### Given information
*-*-*
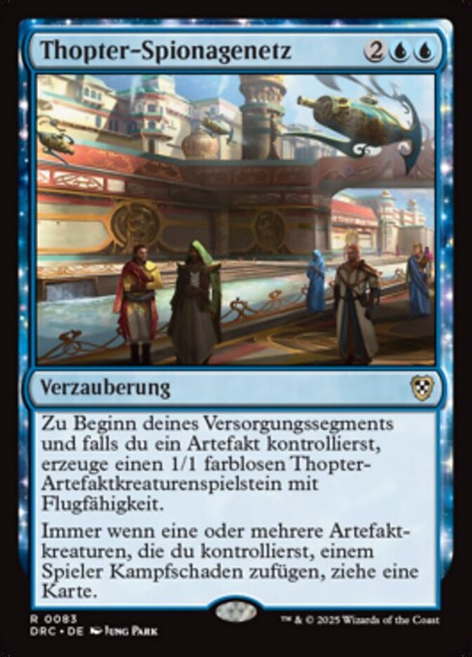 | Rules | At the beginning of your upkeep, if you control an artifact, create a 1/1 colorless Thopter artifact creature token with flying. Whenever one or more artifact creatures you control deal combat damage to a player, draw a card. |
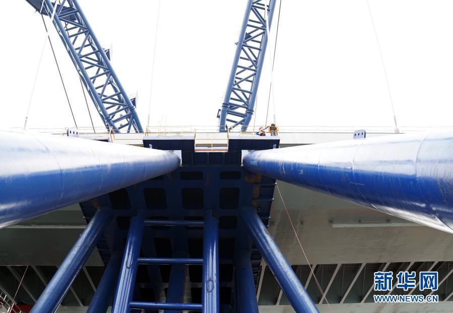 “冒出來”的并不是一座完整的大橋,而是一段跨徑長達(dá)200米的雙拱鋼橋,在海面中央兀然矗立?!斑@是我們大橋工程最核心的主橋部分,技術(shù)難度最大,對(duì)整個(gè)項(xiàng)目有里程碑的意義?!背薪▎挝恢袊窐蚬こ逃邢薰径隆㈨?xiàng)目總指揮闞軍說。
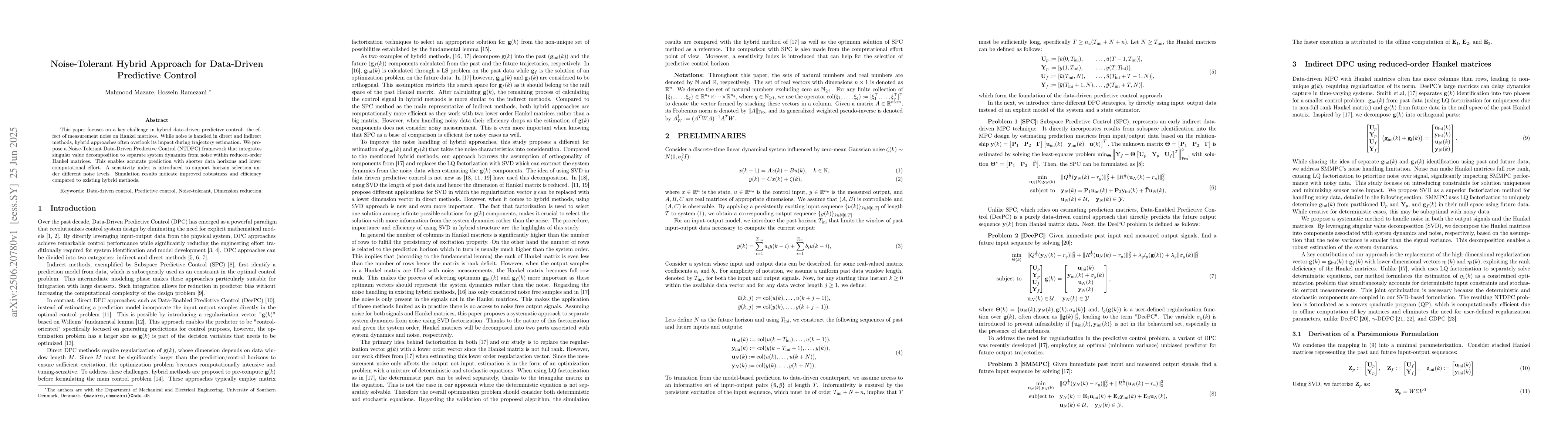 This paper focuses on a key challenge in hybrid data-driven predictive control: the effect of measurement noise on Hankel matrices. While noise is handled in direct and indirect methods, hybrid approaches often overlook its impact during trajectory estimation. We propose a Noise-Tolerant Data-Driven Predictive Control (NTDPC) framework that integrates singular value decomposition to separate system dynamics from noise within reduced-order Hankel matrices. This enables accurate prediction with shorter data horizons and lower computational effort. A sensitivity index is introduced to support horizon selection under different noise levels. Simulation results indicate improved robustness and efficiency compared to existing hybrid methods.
*-*-*
Leaving the pictures out, output the material exactly as it appears.

 | Rules | At the beginning of your upkeep, if you control an artifact, create a 1/1 colorless Thopter artifact creature token with flying. Whenever one or more artifact creatures you control deal combat damage to a player, draw a card. |
 “冒出來”的并不是一座完整的大橋,而是一段跨徑長達(dá)200米的雙拱鋼橋,在海面中央兀然矗立?!斑@是我們大橋工程最核心的主橋部分,技術(shù)難度最大,對(duì)整個(gè)項(xiàng)目有里程碑的意義?!背薪▎挝恢袊窐蚬こ逃邢薰径隆㈨?xiàng)目總指揮闞軍說。
 This paper focuses on a key challenge in hybrid data-driven predictive control: the effect of measurement noise on Hankel matrices. While noise is handled in direct and indirect methods, hybrid approaches often overlook its impact during trajectory estimation. We propose a Noise-Tolerant Data-Driven Predictive Control (NTDPC) framework that integrates singular value decomposition to separate system dynamics from noise within reduced-order Hankel matrices. This enables accurate prediction with shorter data horizons and lower computational effort. A sensitivity index is introduced to support horizon selection under different noise levels. Simulation results indicate improved robustness and efficiency compared to existing hybrid methods.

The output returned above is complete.